# Gran Premio Opinion



## dr4cats (Aug 8, 2010)

Who I am: 52 year old, 148 lbs, 5' 10.5 " - B rider at 18mph average in hilly New England area. I'll cruise at 22 to 25 mph on the flat. I ride 50 to 75 mile in one session. My riding bodies tell me I have a gift for climbing. I am not a power house or a sprinter. i am a rhythm rider and climber. I also have mild orthopedic issues and low flexibility.

I ride a Tramac 54 for everything and fast group rides. I also ride a 53 Lechampion TI with DA group which I absolutely love. BD service is excellent by the way.
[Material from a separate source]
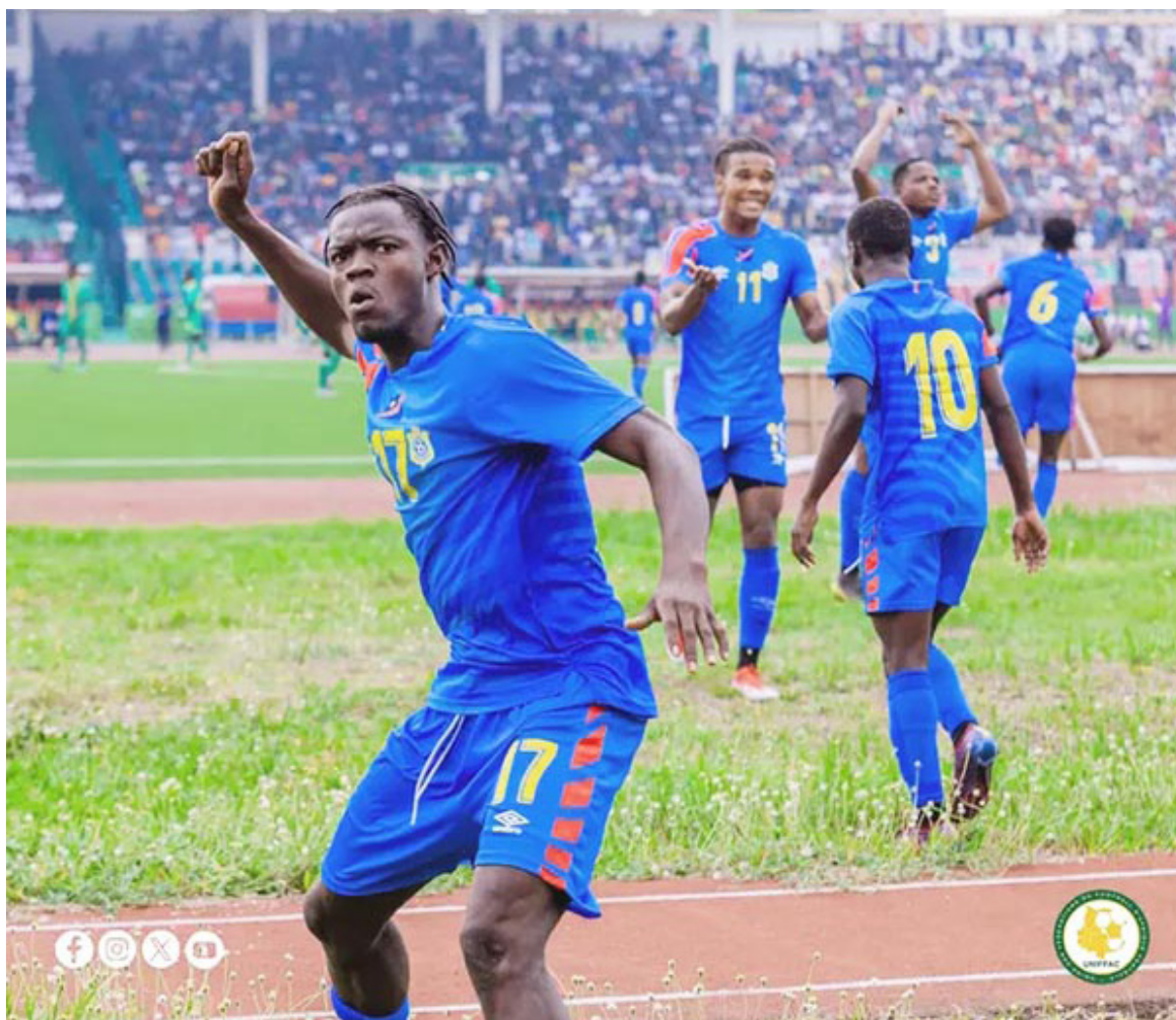
Les Léopards U20 vainqueurs de la 5 e édition du tournoi U20 de l'Uniffac à Brazzaville.

Les Diabes rouges ont ensuite réduit l'écart, à la 89 e minute par Bonaventure Lendambi, sans faire mieux. Grâce à cette victoire, les Jeunes Congolais remportent pour la première fois le titre de ce tournoi qualificatif à la Coupe d'Afrique des nations (CAN) U-20. Notons que les Léopardeaux congolais avaient déjà composté leur ticket pour la CAN U20, qui pourrait se jouer en Egypte, à l'issue de leur victoire en demi-finales sur les Lionceaux du Cameroun au tirs au but, après

I am not made of money but I really want a nice steel frame bike in my stable. I like the Gran Premio Inferno and I was wondering whether anyone could make some comments on this bike and whether it is still fast enough to enjoy spirited rides with friends. Is it very heavy (maybe someone could give me a weight) and will it climb OK. How comfortable is it in view of my low flexibility. My geometry/fit is not aggressive with the bar being 2 inches below top of seat.

Many thanks for your input.

Phil


----------



## aaronis31337 (Apr 7, 2008)

Phil,

Although I haven't ridden this bike, the fact that it uses really high quality lugs suggests it's going to be stiff in the BB and last forever. TIG welding, although good, cannot compete with lugs when it comes to stiffness and durability.


----------